WORK TO COMPLETE: Set down the lines below, exactly, starting at the one that contains "2.b) Ufficio Pio." and stopping at the last line, inclusive. Omit pictures.

SOURCE MATERIAL:
===============

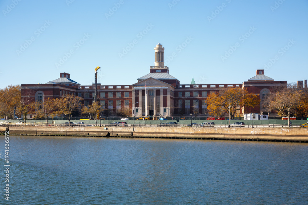 Manhattan Center for Science and Mathematics (MCSM) school and the skyline of Harlem, manhattan at the shore of Harlem river, New York City, United States
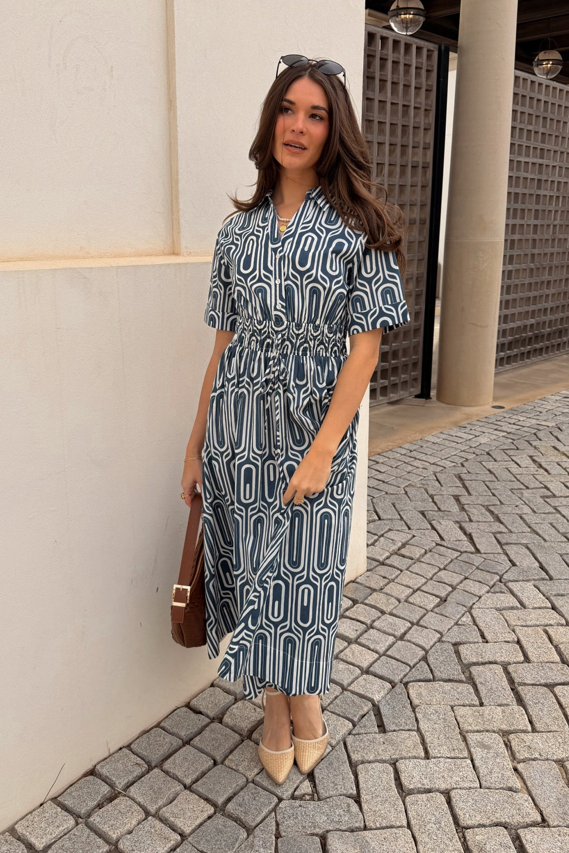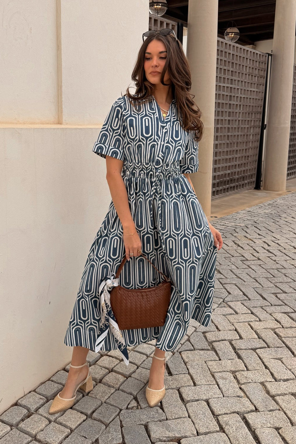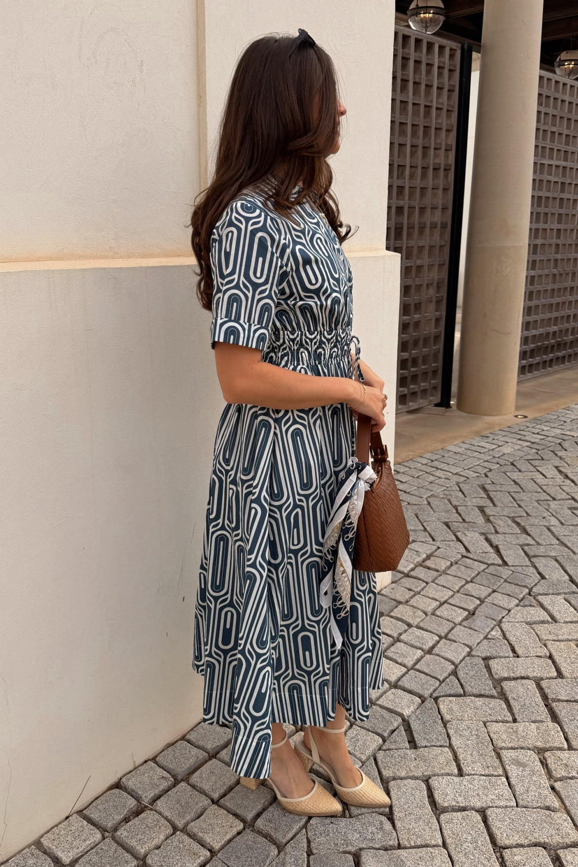 Effortlessly stylish and easy to wear, the Gina Navy & White Printed Midi Dress is a go-to piece for everyday polish. Designed in lightweight navy and white fabric with a chic geometric pattern, this dress offers a timeless look with a comfortable, flattering fit. The midi length adds versatility, making it perfect for workdays, brunch dates, or casual evenings out.
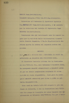 2.b) Ufficio Pio. Richiesta di fondi da applicarsi al bilancio dell'esercizio 1931
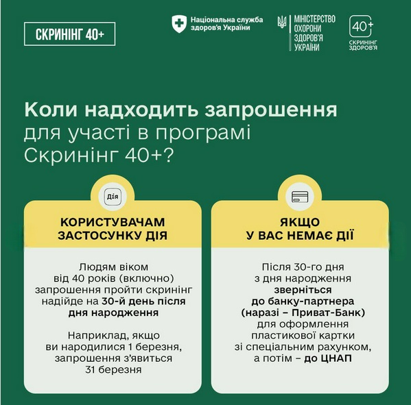 - Запрошення пройти обстеження надходить автоматично в Дію — на 30-й день після дня народження всім, кому виповнилося 40 років або більше.

===============

TASK SOLUTION:
 2.b) Ufficio Pio. Richiesta di fondi da applicarsi al bilancio dell'esercizio 1931
 - Запрошення пройти обстеження надходить автоматично в Дію — на 30-й день після дня народження всім, кому виповнилося 40 років або більше.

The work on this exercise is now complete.